ROMA – Aumentano nell’ultimo quinquennio, dal 2005 al 2010, gli “eventi sentinella” nelle strutture del servizio sanitario nazionale, ossia tutti quegli eventi avversi di particolare gravita’ che causano morte o gravi danni al paziente. In tutto sono pervenute dalle strutture sanitarie 1.047 segnalazioni, di cui 873 valide. Si legge nel terzo Rapporto di monitoraggio degli eventi sentinella redatto dal ministero della Salute. A sorpresa, gli eventi negativi piu’ frequenti risultano i suicidi o i tentati suicidi, 166, pari al 19% del totale.

Segue la morte o il danno grave per la caduta del paziente (147, il 16,8%). In 5 anni si contano 76 casi di “materiale lasciato all’interno del sito chirurgico”, la garza dimenticata nel corpo del paziente ad esempio, e altrettanti casi di morte o grave danno imprevisto dopo l’intervento stesso.

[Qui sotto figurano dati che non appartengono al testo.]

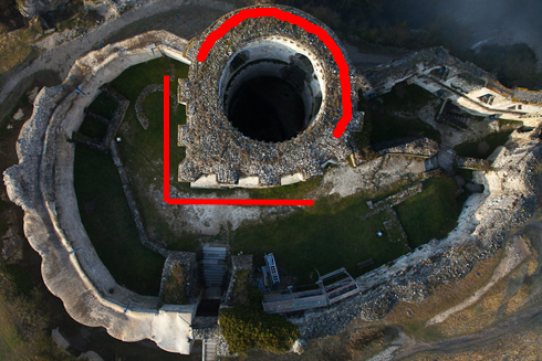 フランス・ガイヤール城 真上から見たところ。主塔は外側が丸く、内側は四角い。
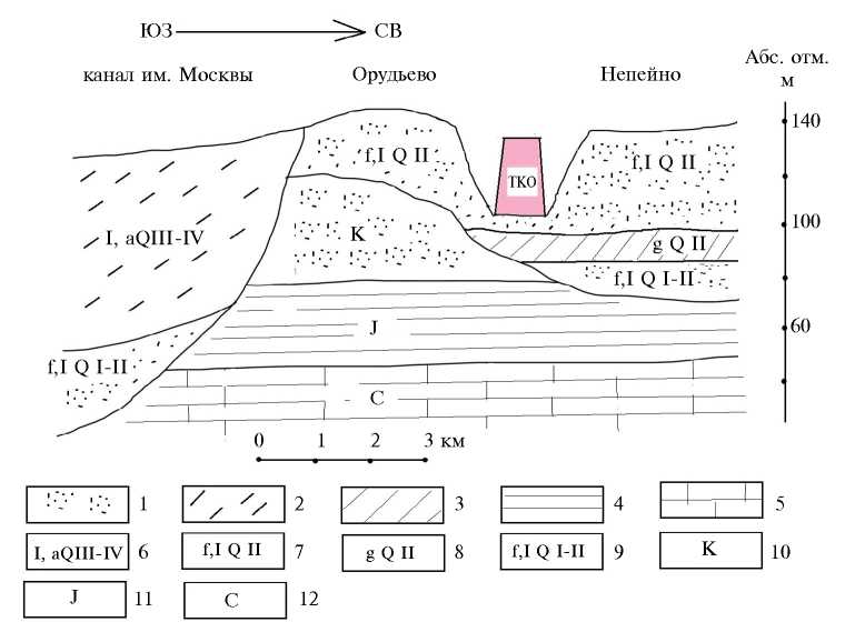Рис. 3. Схема геологического строения в окрестностях полигона ТКО Непейно [3]. Условные обозначения: 1 – пески, 2 – песчано-глинистые отложения, 3 – суглинки, 4 – глины, 5 – известняки, 6 – верхнечетвертичные, современные озерно-аллювиальные отложения, 7 – среднечетвертичные флювиогляциальные и озерные отложения, 8 – среднечетвертичные ледниковые отложения (московская морена), 9 – нижне-, среднечетвертичные флювиогляциальные и озерные отложения, 10 – отложения меловой системы, 11 – отложения юрской системы, 12 – отложения каменноугольной системы.
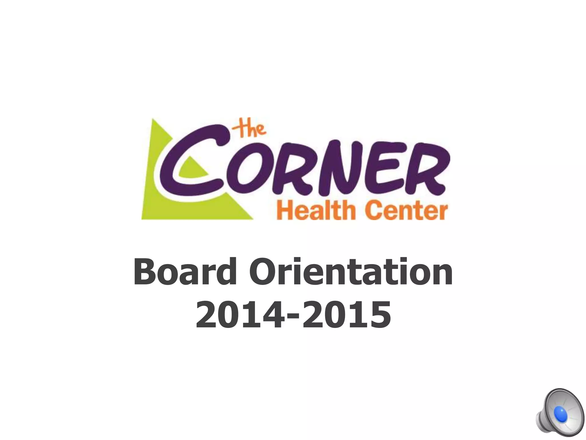 The Corner Health Center's mission is to provide primary health care and education to adolescents aged 12 to 21 regardless of income level. The board orientation document outlines the health center's mission, governance structure, 10 basic board responsibilities, strategic plan, and expectations for board members. Notably, the health center will now include four youth as full voting board members starting in September 2014 to give youth an equal role in decision making.

In 52 casi, il 6% del totale, si e’ verificata la morte o la disabilita’ grave del neonato, in 31 la morte materna o malattia grave correlata al travaglio o al parto. E ancora, 48 episodi di violenza a danno dell’operatore (contro i 3 a danno di pazienti) e addirittura, in otto casi, la procedura chirurgica in una parte del corpo sbagliata. Rispetto al precedente Rapporto, sottolinea il ministero, vi e’ stato un incremento del numero delle segnalazioni, anche a seguito del decreto del 2009, che istituisce, nell’ambito del Nuovo Sistema Informativo Sanitario, il sistema informativo per il monitoraggio degli errori in sanita’ – SIMES e individua la funzione di Osservatorio nazionale per il Monitoraggio degli Eventi Sentinella (OsMES) presso la Direzione Generale della Programmazione Sanitaria.

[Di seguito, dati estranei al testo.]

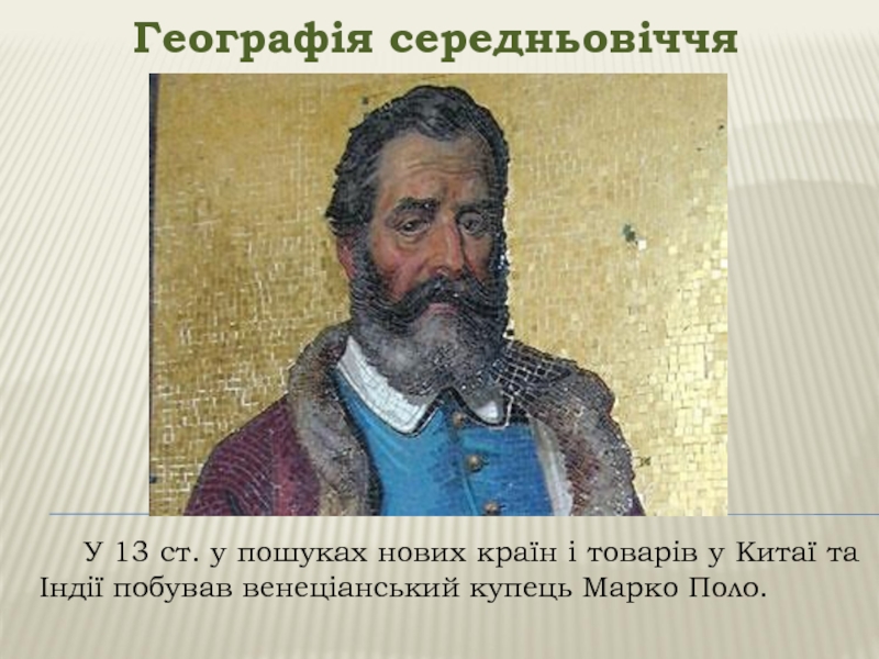 Географія середньовіччя	У 13 ст. у пошуках нових країн і товарів у Китаї та Індії побував венеціанський купець
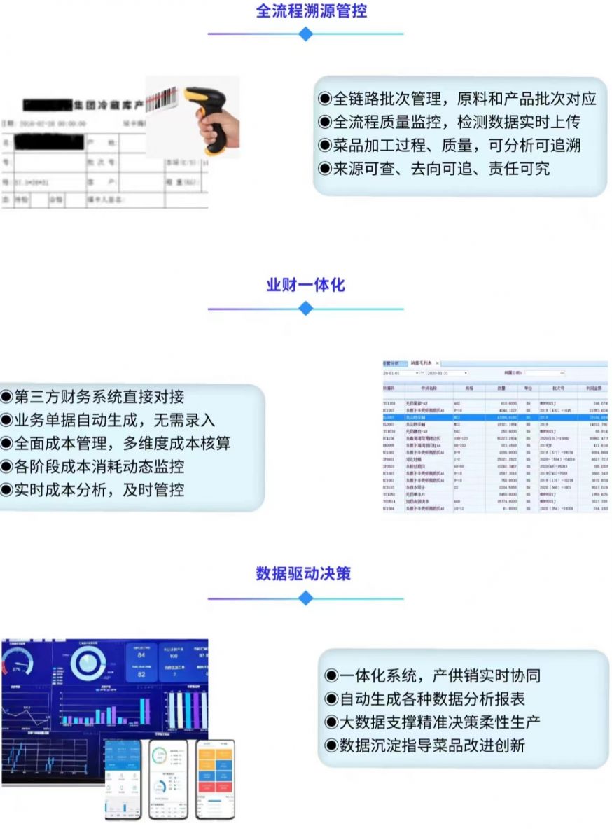 基于物聯(lián)網(wǎng)、工業(yè)互聯(lián)網(wǎng)的技術(shù)與應(yīng)用,打造具備行業(yè)示范標(biāo)桿的預(yù)制菜數(shù)字化工廠,幫助預(yù)制菜生產(chǎn)企業(yè)一站式解決預(yù)制菜采購(gòu)、生產(chǎn)、配送、成本核算等管理難題,實(shí)現(xiàn)預(yù)制菜數(shù)字化智能生產(chǎn)、食品安全區(qū)塊鏈溯源管控,有效提質(zhì)、降本、增效!

Da rilevare comunque una numerosita’ di eventi sentinella relativamente piccolo: infatti, nel periodo compreso tra settembre 2005 e dicembre 2010, a fronte di circa 2 milioni e 800.000 di parti sono stati segnalati 52 casi di eventi sentinella relativi a mortalita’ neonatale e 31 eventi sentinella relativi alla morte materna al parto. Analogamente per la chirurgia, il sistema di monitoraggio ha consentito di raccogliere, nel periodo considerato, 164 eventi sentinella correlati ad attivita’ chirurgiche, a fronte di oltre 23 milioni di prestazioni erogate. Il 59,2% degli eventi e’ stato analizzato attraverso le metodologie indicate nel protocollo, con un significativo miglioramento(+14,8%) rispetto al precedente Rapporto.Nel 55,1% dei casi e’ stato individuato un piano di azione per prevenire il ripetersi dell’evento ed anche questo dato (che risulta maggiore del 15% rispetto al precedente Rapporto) mette in luce le azioni condotte a vari livelli per il necessario approccio di cambiamento richiesto dal verificarsi di eventi sentinella.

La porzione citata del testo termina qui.